Michael White, the company’s managing director, said on Monday that while the demand for testing within the mining sector has seen a downturn, other industries have made up for the decrease.

“There's a big call for [staff drug testing], partly because of rising methamphetamine use in the community,” he told the Herald.

White added that community concerns over the rising use of the drug had led to more employers implementing workplace drug testing procedures, which were now commonplace as a part of pre-employment processes.

According to White, when Frontline undertook workplace drug testing programs, it generally found that between 12 and 15% of employees tested positive for a variety of drugs.

While he did not disclose any specifics, White told the Herald that on one occasion Frontline had collected swab samples from the boardroom of a company and was “shocked” to find traces of a range of substances.

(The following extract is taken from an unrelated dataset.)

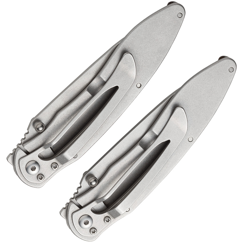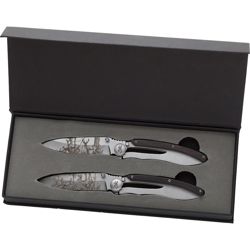 4.25″ (10.8cm) closed. 3.25″ (8.26cm) stonewash finish stainless blade. Walnut handle. Thumb stud. Pocket clip. Blade etching. Set of two, each with a buck and doe scene on the blade. Gift boxed.

Andrew Liebie, national marketing director of Safe Work Laboratories – which began in Perth and is preparing to open an office in Sydney next year – said that he was noticing a gradual shift towards drug use within more “grey-collar” and “white-collar” industries, with the market for workplace drug testing growing at 15 to 20%.

He told reporters that in spite of this, Australia still had a long way to go before catching up with the US, where an estimated 70% of the working population had to partake in drug testing.

In the 1980s, the US percentage sat at just 10%, but has increased steadily since then due to legislative changes as well as changes to corporate attitudes.

Today, US financial services and stockbroking firms conduct “pre-promotion” tests, while Walmart is reported to conduct drug screening for all employees.

Liebie estimated that around 15% of Australian employees were now subject to workplace drug testing, compared to 5% a decade ago.